◆ **Exercise description**
Retype each of the records below exactly, leaving the pictures out.
**** Extracted records
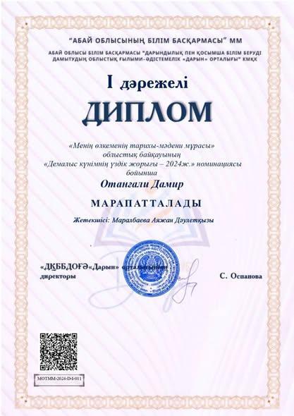 «Менің өлкемнің тарихи – мәдени мұрасы» атты Жошы ұлысының 800 жылдығына және Абай облысының өлкетану жасақтарының құрылғанына бір жылдығына арналған ОБЛЫСТЫҚ байқауының "Демалыс күнімнің үздік жорығы-2024" номинациясы бойынша мектебіміздің 10-сынып оқушысы Отанғали Дамир жүлделі І дәрежелі диплом иегері атанды. Жетекшісі Маралбаева Аяжан Дәулетқызы. Құттықтаймыз!!!
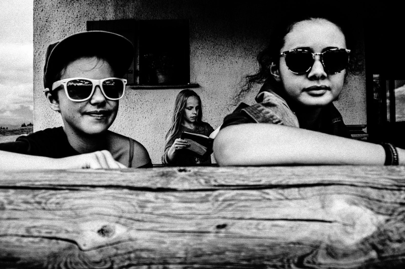 The choice of black-and-white is not aesthetic preference. It is method. As philosopher Claude Molzino has written, black-and-white disincarnates: it distances, it abstracts, it reveals what colour, with its seductive immediacy, would conceal. Colour says look where I am turned. Black-and-white says look at me — at the image as thought, as construction, as act of reading. It is the condition under which photography becomes writing — graphie — and the condition under which a philosopher could enter into dialogue with these images.
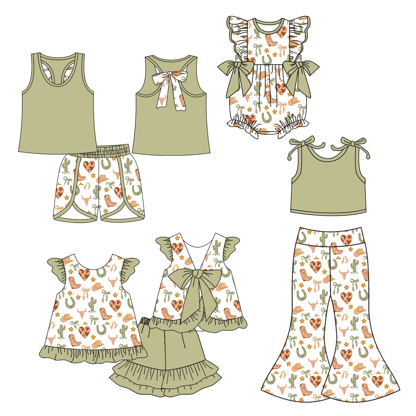 5.6(Custom Design Preorder MOQ 5 Each Design) Boots Hat Cactus Bows Print Girls Summer Western Matching Clothes Sisters Wear
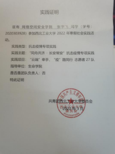 张宇飞在学习之余,也十分注重其他方面的发展,积极参加各类活动。在疫情期间担任志愿者,为医护人员子女进行学业指导;主动参加多种校园活动,不断提高自己的文化素养。
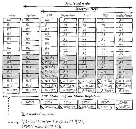 그러니까, CPSR의 값은 현재의 mode도 확인 가능한 register 인거죠. 실은 CPSR의 하위 5bit를 원하는 mode로 setting하면 그 mode로 전환도 됩니다. System mode와 User mode는 이 CPSR의 mode bit만 차이가 나고 나머지 Register는 모두 같이 사용합니다. 마치 부부처럼 한 몸입니다. *^^* 부끄.
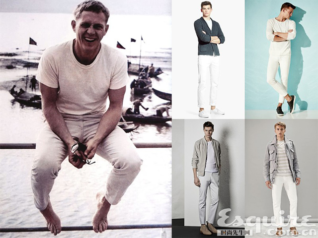 白色真是一個(gè)很討喜的顏色,而且?guī)缀鯖](méi)有人穿上白色會(huì)不好看!當(dāng)然在熒幕上和私服把一身白色穿出名的當(dāng)屬Steve McQueen!皌he King of Cool”的頭銜不是虛的,有太多代表他風(fēng)格的服裝,包括皮夾克、賽車服、卡其褲等等,但是是他把白色T恤×白色牛仔褲穿出利落又硬漢的風(fēng)格,上世紀(jì)60、70年代的照片放今天看一點(diǎn)也不過(guò)時(shí)。
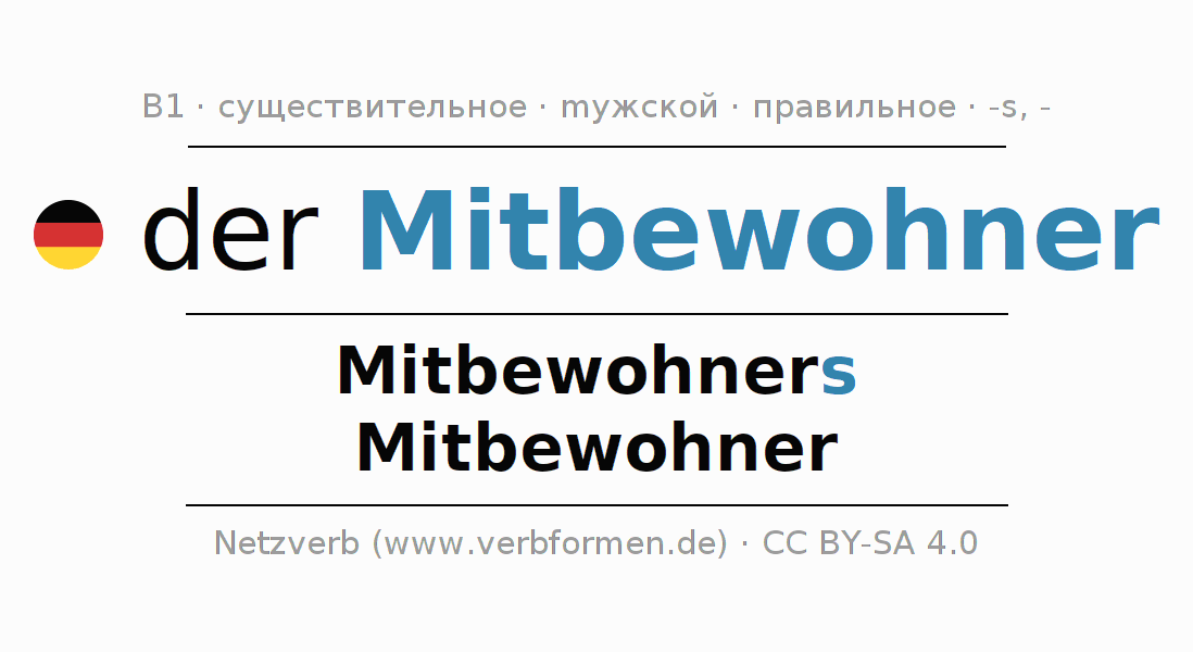 - Множественное число: die Mitbewohner, der Mitbewohner, den Mitbewohnern, die Mitbewohner
********
◆ **Answer section**
 «Менің өлкемнің тарихи – мәдени мұрасы» атты Жошы ұлысының 800 жылдығына және Абай облысының өлкетану жасақтарының құрылғанына бір жылдығына арналған ОБЛЫСТЫҚ байқауының "Демалыс күнімнің үздік жорығы-2024" номинациясы бойынша мектебіміздің 10-сынып оқушысы Отанғали Дамир жүлделі І дәрежелі диплом иегері атанды. Жетекшісі Маралбаева Аяжан Дәулетқызы. Құттықтаймыз!!!
 The choice of black-and-white is not aesthetic preference. It is method. As philosopher Claude Molzino has written, black-and-white disincarnates: it distances, it abstracts, it reveals what colour, with its seductive immediacy, would conceal. Colour says look where I am turned. Black-and-white says look at me — at the image as thought, as construction, as act of reading. It is the condition under which photography becomes writing — graphie — and the condition under which a philosopher could enter into dialogue with these images.
 5.6(Custom Design Preorder MOQ 5 Each Design) Boots Hat Cactus Bows Print Girls Summer Western Matching Clothes Sisters Wear
 张宇飞在学习之余,也十分注重其他方面的发展,积极参加各类活动。在疫情期间担任志愿者,为医护人员子女进行学业指导;主动参加多种校园活动,不断提高自己的文化素养。
 그러니까, CPSR의 값은 현재의 mode도 확인 가능한 register 인거죠. 실은 CPSR의 하위 5bit를 원하는 mode로 setting하면 그 mode로 전환도 됩니다. System mode와 User mode는 이 CPSR의 mode bit만 차이가 나고 나머지 Register는 모두 같이 사용합니다. 마치 부부처럼 한 몸입니다. *^^* 부끄.
 白色真是一個(gè)很討喜的顏色,而且?guī)缀鯖](méi)有人穿上白色會(huì)不好看!當(dāng)然在熒幕上和私服把一身白色穿出名的當(dāng)屬Steve McQueen!皌he King of Cool”的頭銜不是虛的,有太多代表他風(fēng)格的服裝,包括皮夾克、賽車服、卡其褲等等,但是是他把白色T恤×白色牛仔褲穿出利落又硬漢的風(fēng)格,上世紀(jì)60、70年代的照片放今天看一點(diǎn)也不過(guò)時(shí)。
 - Множественное число: die Mitbewohner, der Mitbewohner, den Mitbewohnern, die Mitbewohner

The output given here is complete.